I stand at the edge of the tall casement window in my bedroom and peer around the curtains, my fingers gently pulling the thick pallid-blue satin aside. Mist hangs across the moors beyond the Worthington Manor grounds, the early morning light making everything seem dusky. Half-real. Like I’m still dreaming.
I’m just in time to see the dark figure of my husband duck into the back seat of his silver Bentley, parked in the gravel driveway below that curls around the towering marble fountain. The uniformed chauffeur shuts his door and marches around to the driver’s side. My heart rate climbs steadily as the vehicle purrs down the mile-long carriage driveway, past the lake, and disappears through the cluster of trees that edge this thousand-acre estate.

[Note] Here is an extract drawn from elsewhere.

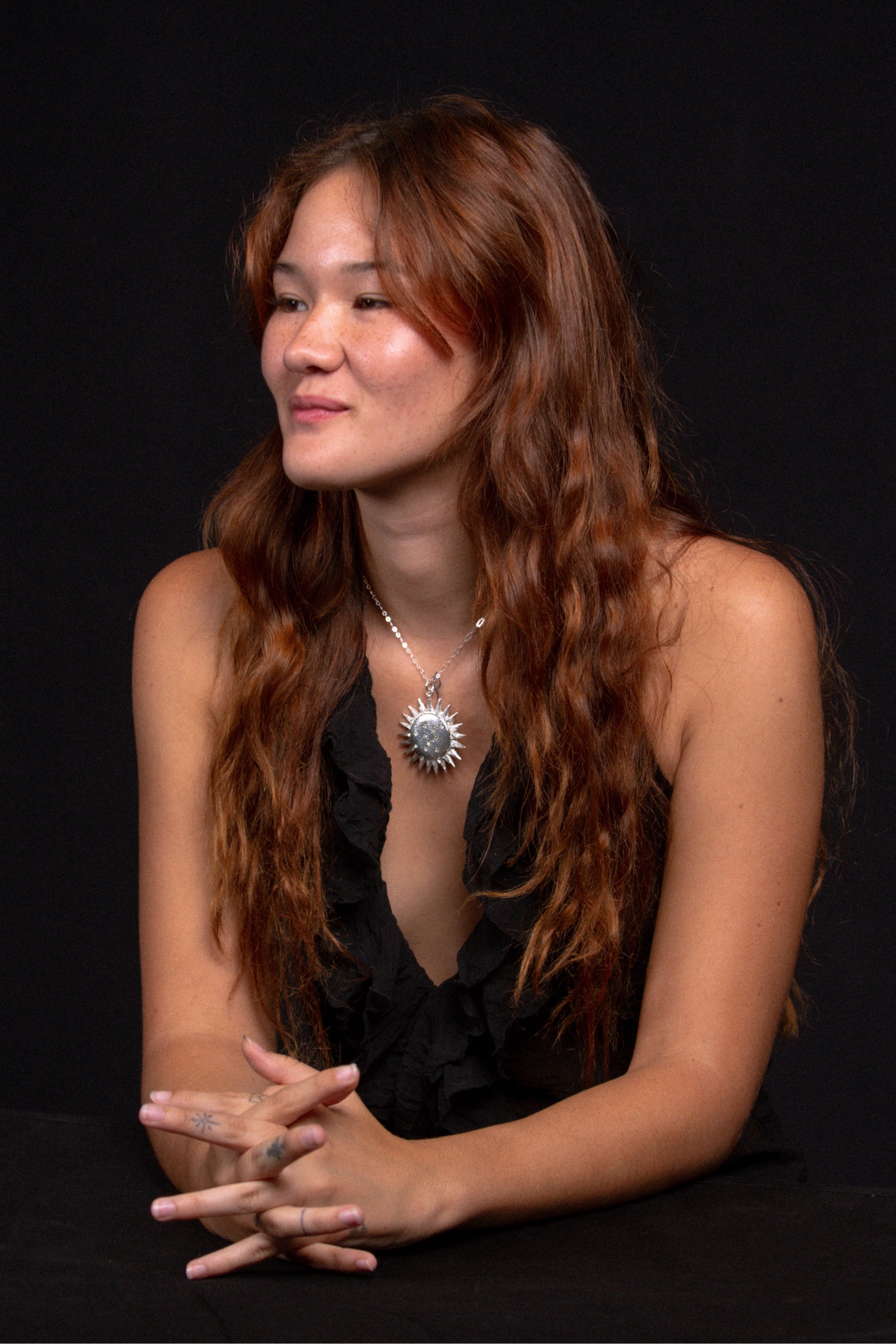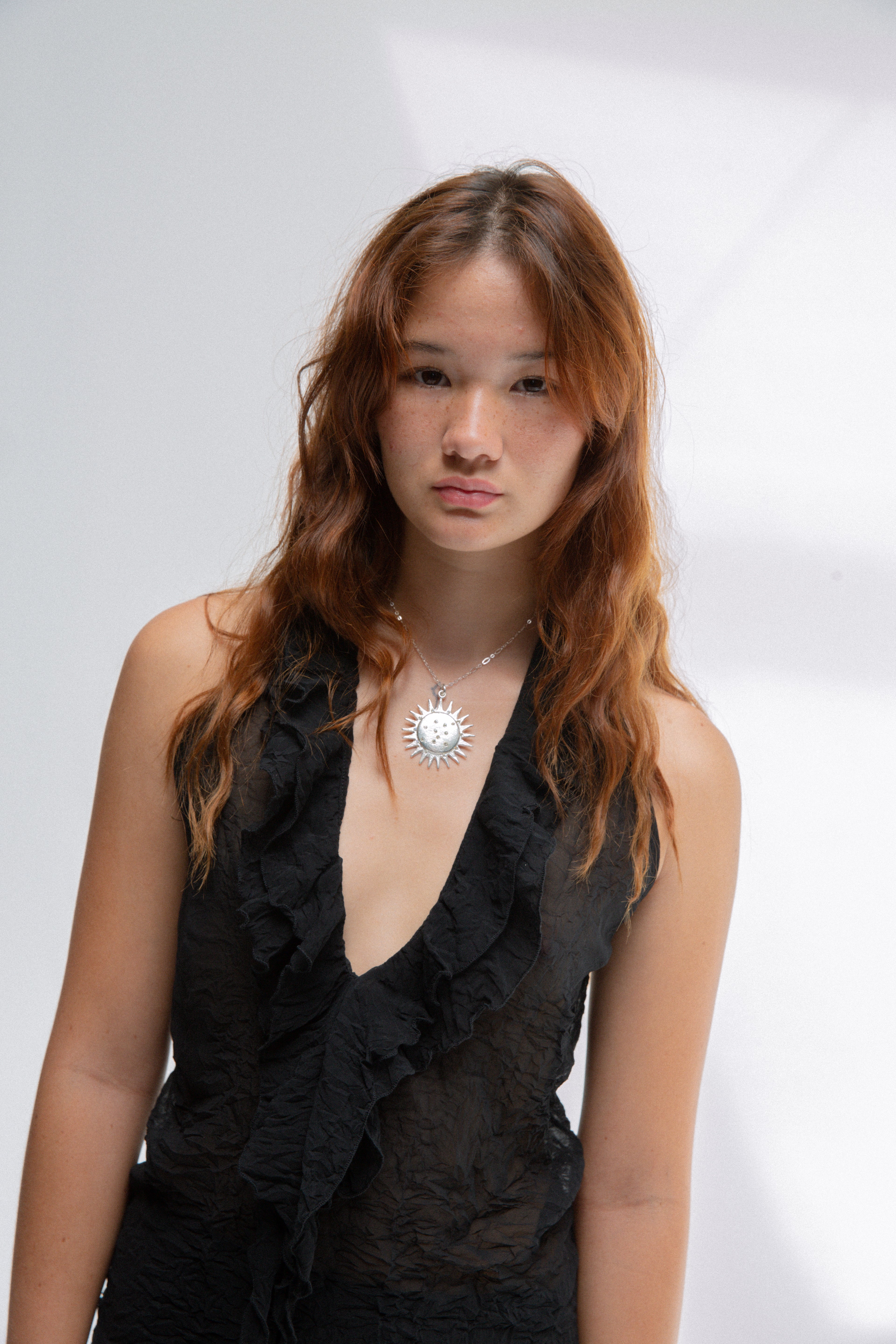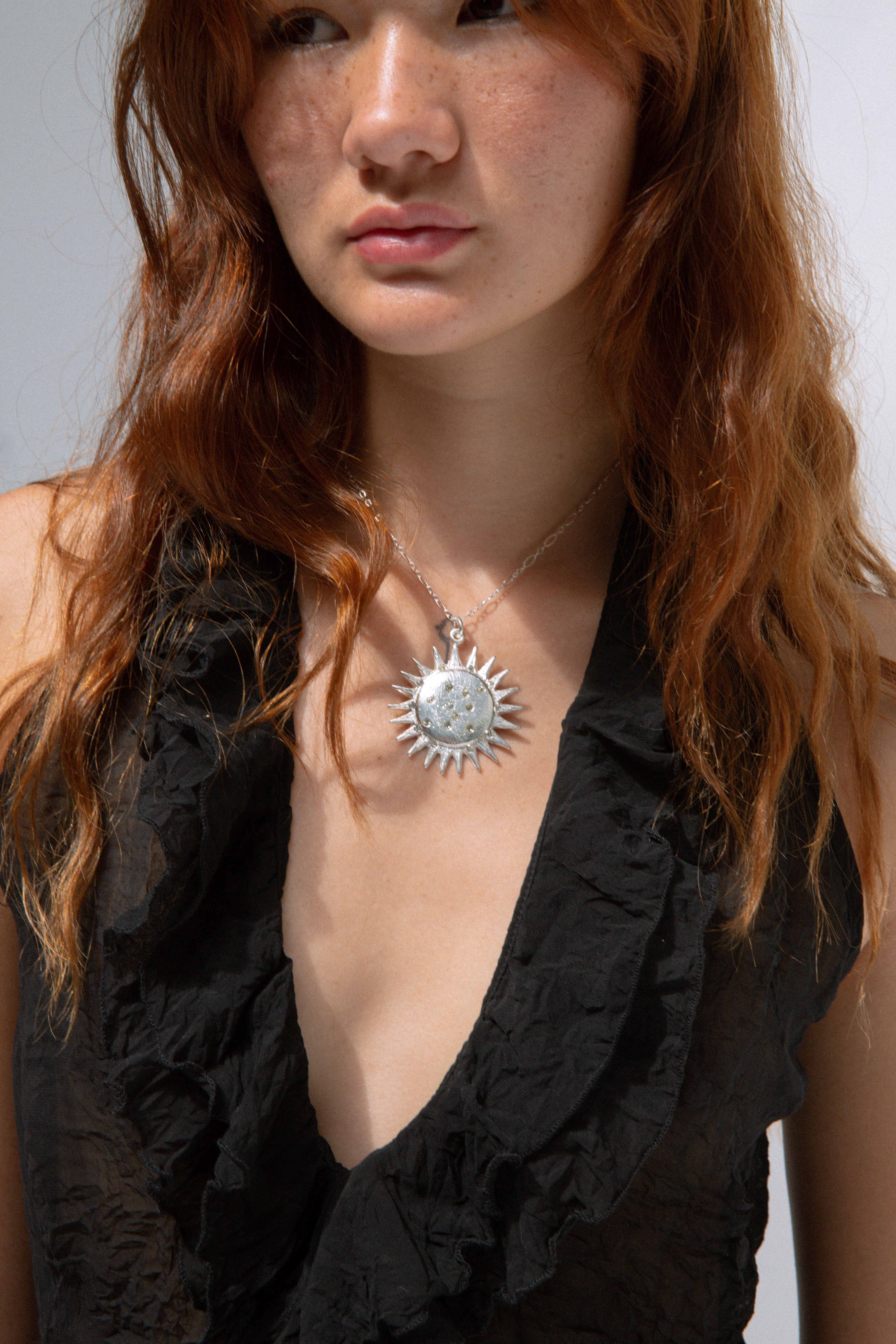 Chain necklace featuring a sun pendant crafted with rhinestones. Chain is adjustable to wear as you please.

I force myself to count down five minutes just in case he has forgotten something and decides to return. I made that mistake once.
…three…two…one.
He’s gone.
He won’t be back for two days this time.
My body trembles with relief as I close my curtains completely, leaving my room lit only by my vintage shell-like bedside lamp.
I don’t go to the bed. Not yet.
I tread on soft, thick carpet, across the expanse of my room to my door, painted the same robin’s egg blue as my curtains. In fact, this exact weak, placid shade of blue is the only colour accenting my ash wood, marble and cream room, overly decorated with crystal chandeliers, antique furniture and a ridiculous number of fringed pillows.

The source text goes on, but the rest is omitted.